Among their recommendations are limits on the population density of animals and mandatory extensive environmental reviews for new feedlots. They also recommended a ban on the use of antibiotics to promote animal growth, and that the drugs be available to farmers only through prescriptions.
In a new area of concern, the scientists said they were worried about the danger of a flu pandemic spread by feedlots with both hogs and poultry, and recommended new regulations to set minimum distances between the two.
Farm industry representatives said they were not familiar with the new reports and could not address specific findings or recommendations. But they said that many environmental improvements had already been made, and that some experts at universities had said the health risks were minor.
"The livestock industry has been under very intense scrutiny over the past 10 years, and as a result, has gone to great lengths and very high expense to try to improve their environmental record, across the board," said Don Parrish, the American Farm Bureau Federation's senior director of regulatory relations.
"We've definitely improved our game over the past 10 years," Parrish said, and most livestock owners "are being very sensitive to their neighbors and doing the best job they can."
Many of the risks come from the sheer volume of manure. Livestock excrete 13 times more waste than humans -- 133 million tons per year in the United States -- and some individual feedlots produce as much waste as entire cities.
The American Farm Bureau Federation maintains that almost every state regulates the amount of manure applied to the land to protect water supplies.

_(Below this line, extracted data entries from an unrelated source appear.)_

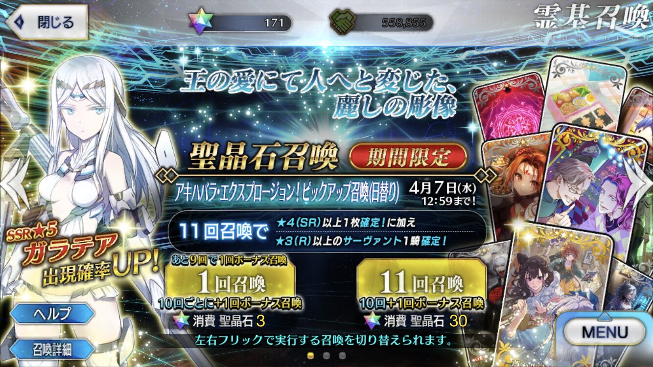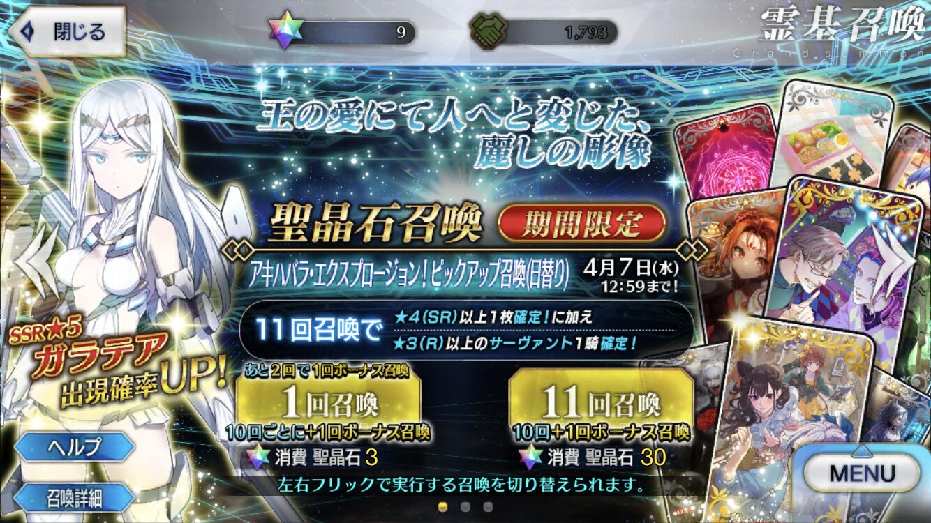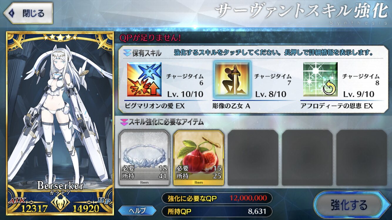 そうした方が今日はより順調に物事が運びそうですよ。ガラテアちゃんは再臨のセリフ見るに造形活動において金を惜しまない(惜しむ発想がない)タイプと見た。
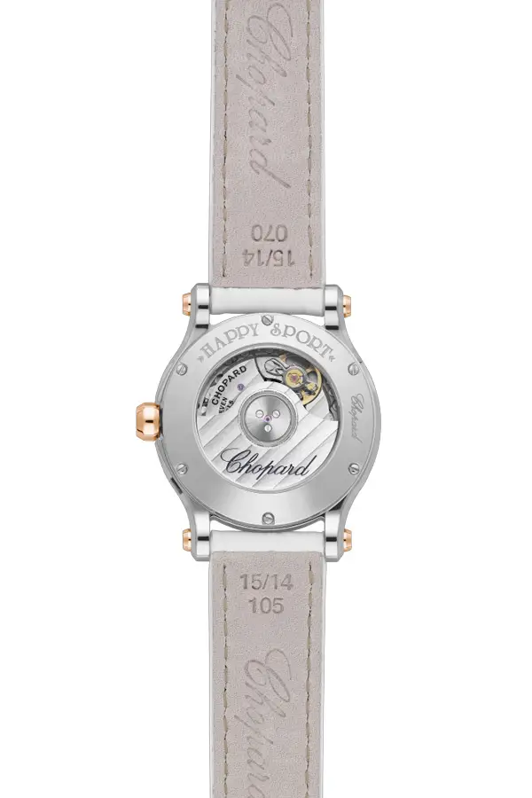Hodinky Chopard Happy Sport 278573-6020 ztělesňují dokonalou rovnováhu mezi švýcarskou hodinářskou precizností a noblesní ženskou estetikou. Jejich kulaté pouzdro o průměru 30 mm, vyrobené z kombinace ušlechtilé oceli a 18kt růžového zlata, přináší jemný kontrast chladné elegance a teplého šarmu.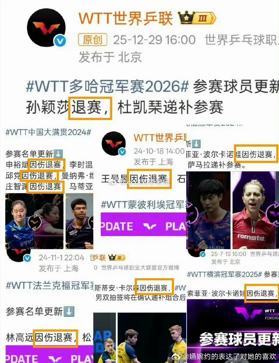 孙颖莎退出多哈冠军赛赛程严重不合理七个小时三赛导致的孙颖莎因伤退赛,为什么不能写一下呀

But the new reports criticized the current techniques.
"Generally accepted livestock waste management practices do not adequately or effectively protect water resources from contamination with excessive nutrients, microbial pathogens and pharmaceuticals present in the waste," the scientists reported.
The number of large livestock operations has surged in the last two decades, and farms with more than 500 hogs now account for three-quarters of the U.S. inventory. In Iowa, the average number of hogs per farm increased from 250 to 1,430 between 1980 and 2000.
California has more than 2,000 dairies, mostly in Tulare and Merced counties, and many have thousands of cows each. But the health risks to the dairy workers and their neighbors have gone unstudied, said Frank Mitloehner, director of the UC Davis Agricultural Air Emissions Center, who was not involved in the new reports.